[Opening EXERCISE DATA section]
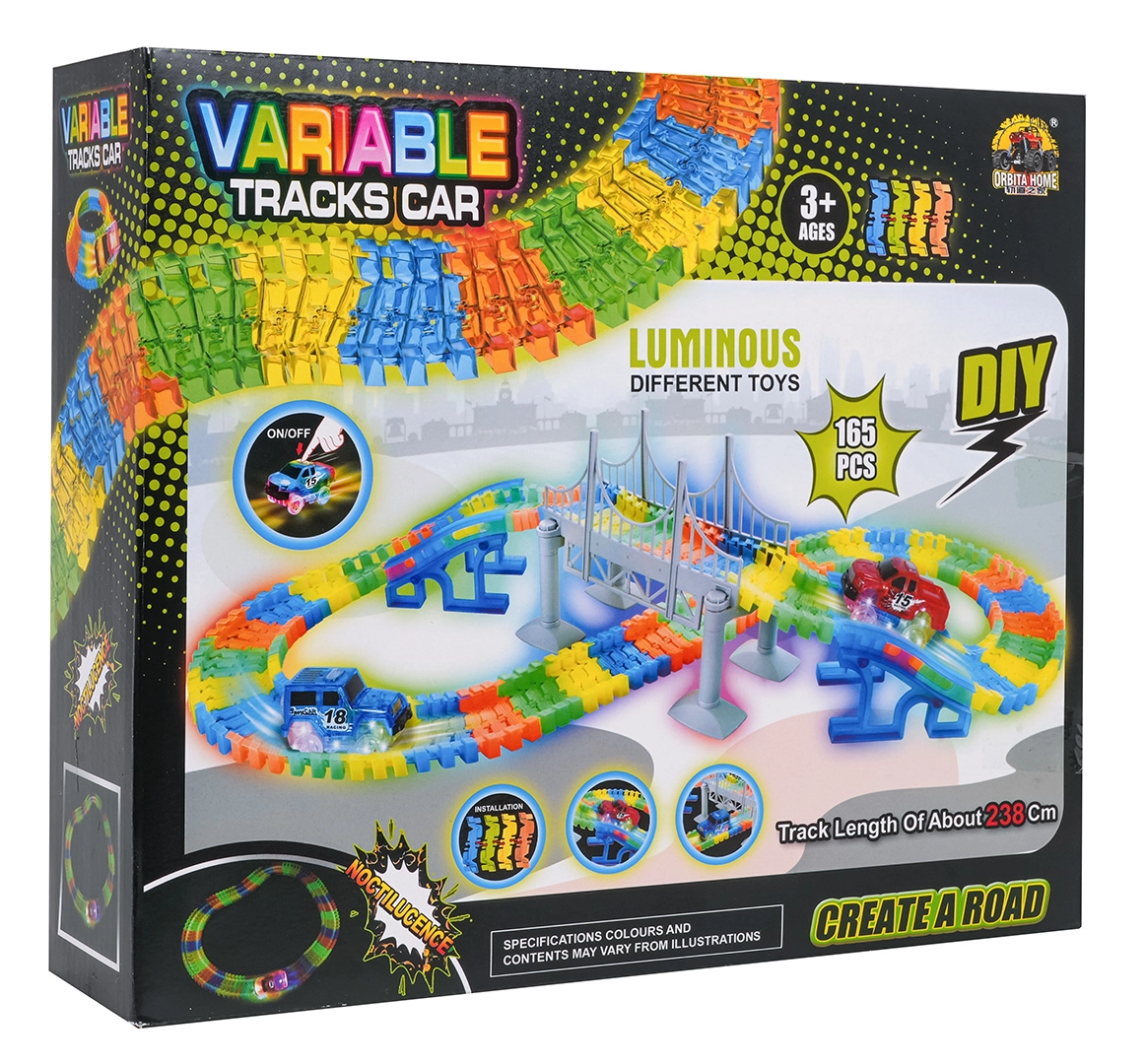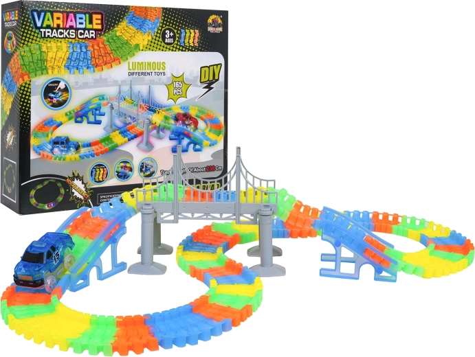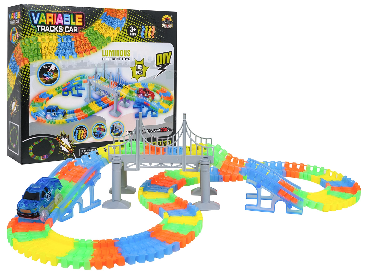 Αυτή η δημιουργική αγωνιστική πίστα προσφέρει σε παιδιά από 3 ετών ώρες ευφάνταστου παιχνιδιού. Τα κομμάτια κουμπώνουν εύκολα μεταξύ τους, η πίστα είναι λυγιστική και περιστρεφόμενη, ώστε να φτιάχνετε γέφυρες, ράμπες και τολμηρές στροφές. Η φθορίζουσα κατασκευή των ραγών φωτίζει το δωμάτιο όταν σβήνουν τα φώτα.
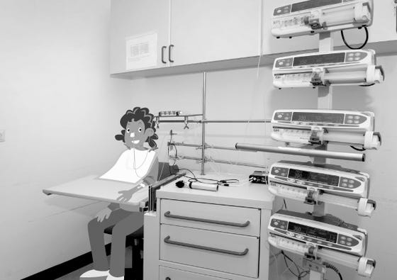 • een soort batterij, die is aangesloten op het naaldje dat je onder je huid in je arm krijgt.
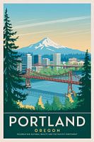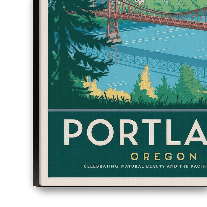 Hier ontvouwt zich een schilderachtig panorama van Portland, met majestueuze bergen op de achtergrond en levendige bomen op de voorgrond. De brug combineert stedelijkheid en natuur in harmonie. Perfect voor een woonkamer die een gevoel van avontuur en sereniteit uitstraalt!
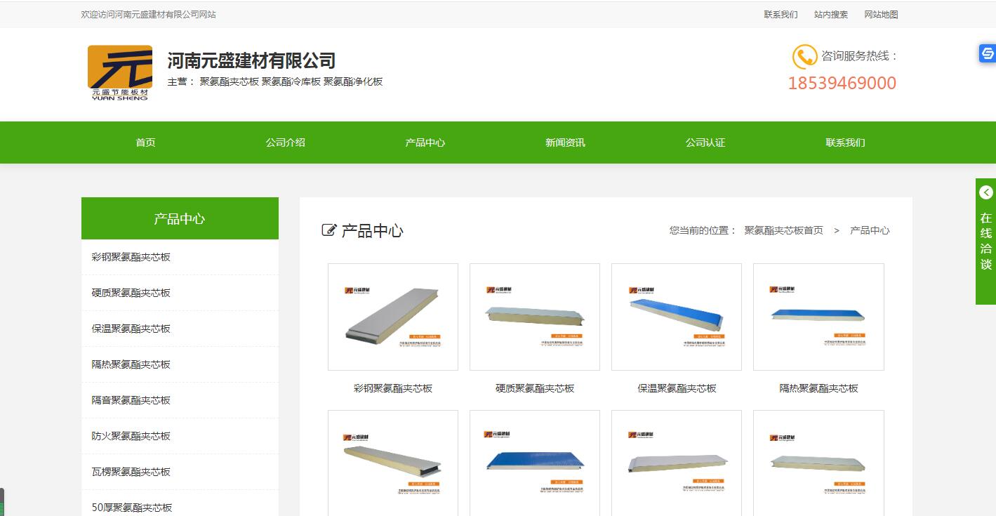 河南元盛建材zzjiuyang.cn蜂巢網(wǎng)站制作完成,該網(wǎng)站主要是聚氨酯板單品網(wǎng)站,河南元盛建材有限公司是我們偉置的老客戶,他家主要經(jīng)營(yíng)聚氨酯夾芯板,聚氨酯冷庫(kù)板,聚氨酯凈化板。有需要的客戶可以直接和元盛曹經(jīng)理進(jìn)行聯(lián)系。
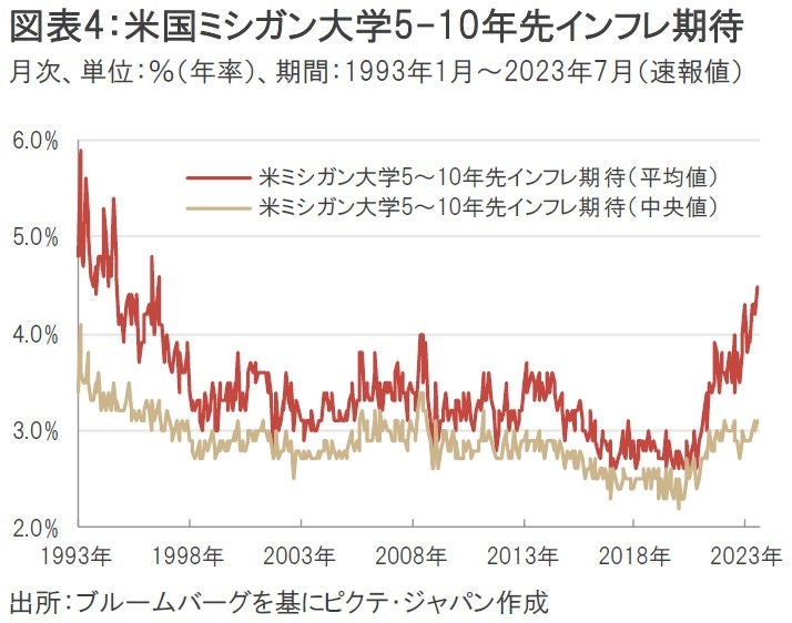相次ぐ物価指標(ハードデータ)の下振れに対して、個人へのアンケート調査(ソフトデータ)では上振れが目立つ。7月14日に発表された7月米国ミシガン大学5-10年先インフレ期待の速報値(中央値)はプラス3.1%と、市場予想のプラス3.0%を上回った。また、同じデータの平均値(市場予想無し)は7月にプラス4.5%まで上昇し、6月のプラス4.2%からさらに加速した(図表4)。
[Closing EXERCISE DATA section]
[Opening EXERCISE DATA section]
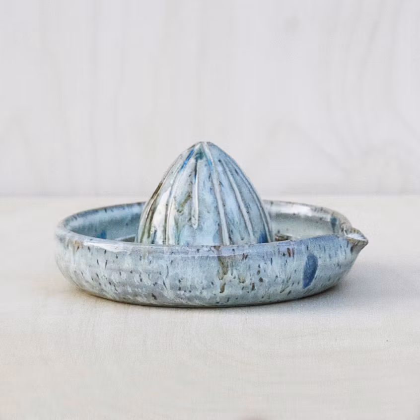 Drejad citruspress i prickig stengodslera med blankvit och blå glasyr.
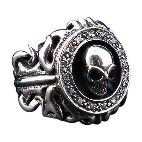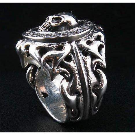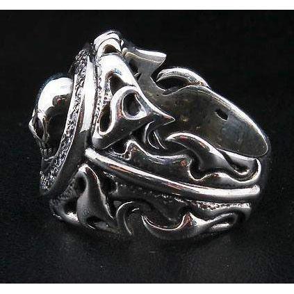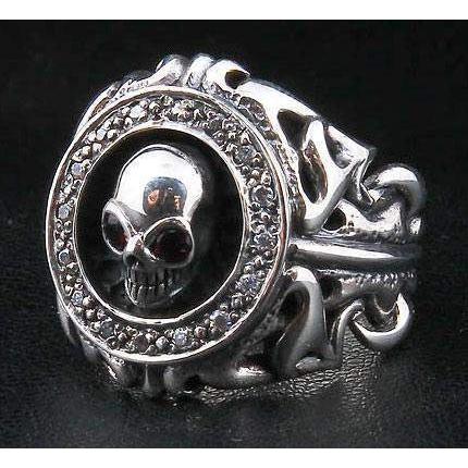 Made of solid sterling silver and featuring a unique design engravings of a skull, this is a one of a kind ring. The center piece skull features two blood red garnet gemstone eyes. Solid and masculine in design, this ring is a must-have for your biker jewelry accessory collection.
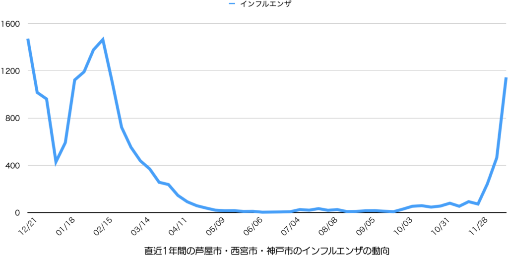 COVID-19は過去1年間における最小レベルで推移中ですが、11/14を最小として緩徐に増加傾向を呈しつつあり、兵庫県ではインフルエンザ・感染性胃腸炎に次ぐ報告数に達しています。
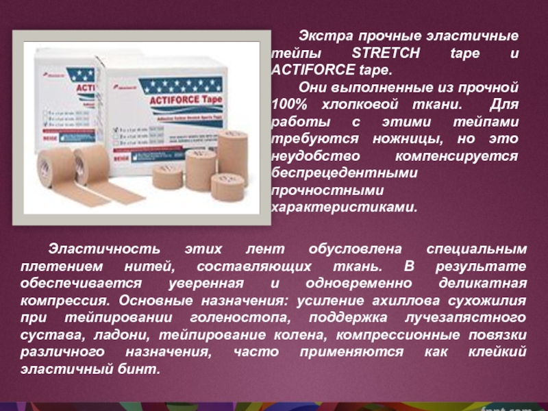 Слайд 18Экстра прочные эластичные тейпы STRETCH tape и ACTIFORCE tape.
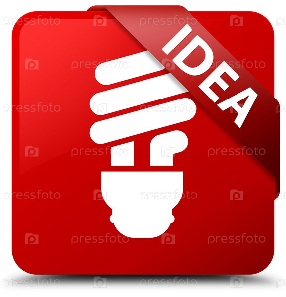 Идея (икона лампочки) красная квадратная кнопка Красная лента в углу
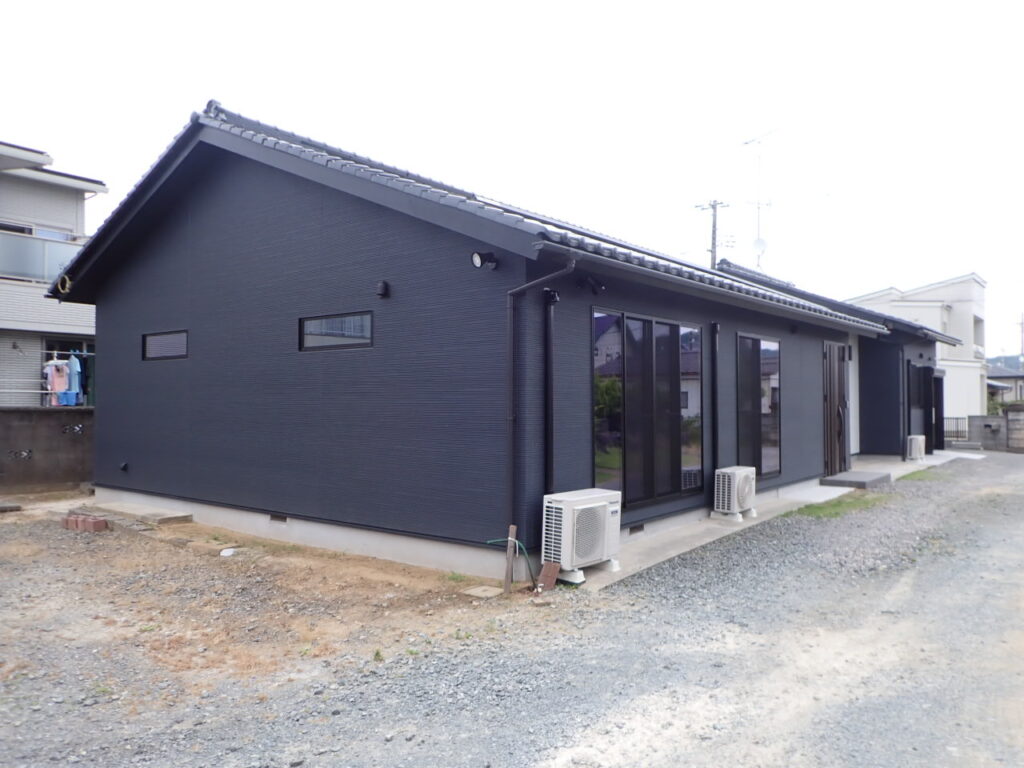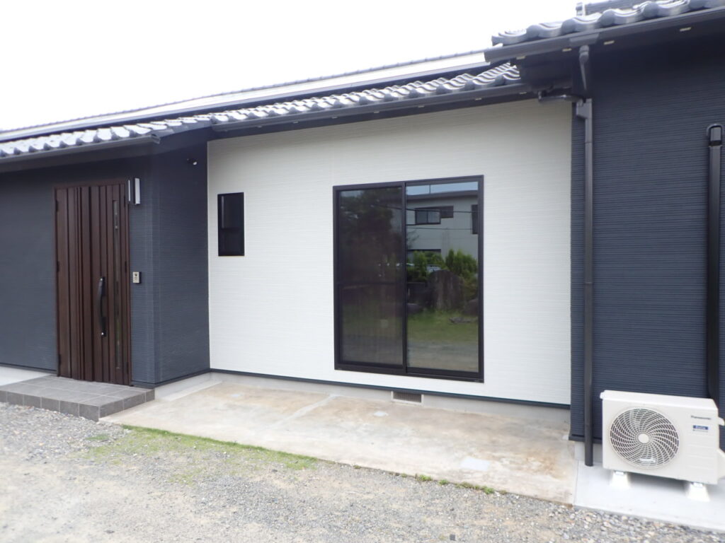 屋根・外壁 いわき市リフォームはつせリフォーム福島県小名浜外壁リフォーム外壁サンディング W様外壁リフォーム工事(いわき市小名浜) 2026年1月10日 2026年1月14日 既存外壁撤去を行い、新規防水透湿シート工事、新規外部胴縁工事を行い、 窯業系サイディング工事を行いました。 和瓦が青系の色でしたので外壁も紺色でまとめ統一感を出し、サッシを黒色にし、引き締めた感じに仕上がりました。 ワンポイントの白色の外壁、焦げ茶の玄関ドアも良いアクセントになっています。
[Closing EXERCISE DATA section]
REQUIREMENT
Copy exactly, without pictures, the lines above from the one with "Αυτή η δημιουργική" down to the one with "je arm krijgt.", inclusive.

SOLUTION FOR THIS PROBLEM
 Αυτή η δημιουργική αγωνιστική πίστα προσφέρει σε παιδιά από 3 ετών ώρες ευφάνταστου παιχνιδιού. Τα κομμάτια κουμπώνουν εύκολα μεταξύ τους, η πίστα είναι λυγιστική και περιστρεφόμενη, ώστε να φτιάχνετε γέφυρες, ράμπες και τολμηρές στροφές. Η φθορίζουσα κατασκευή των ραγών φωτίζει το δωμάτιο όταν σβήνουν τα φώτα.
 • een soort batterij, die is aangesloten op het naaldje dat je onder je huid in je arm krijgt.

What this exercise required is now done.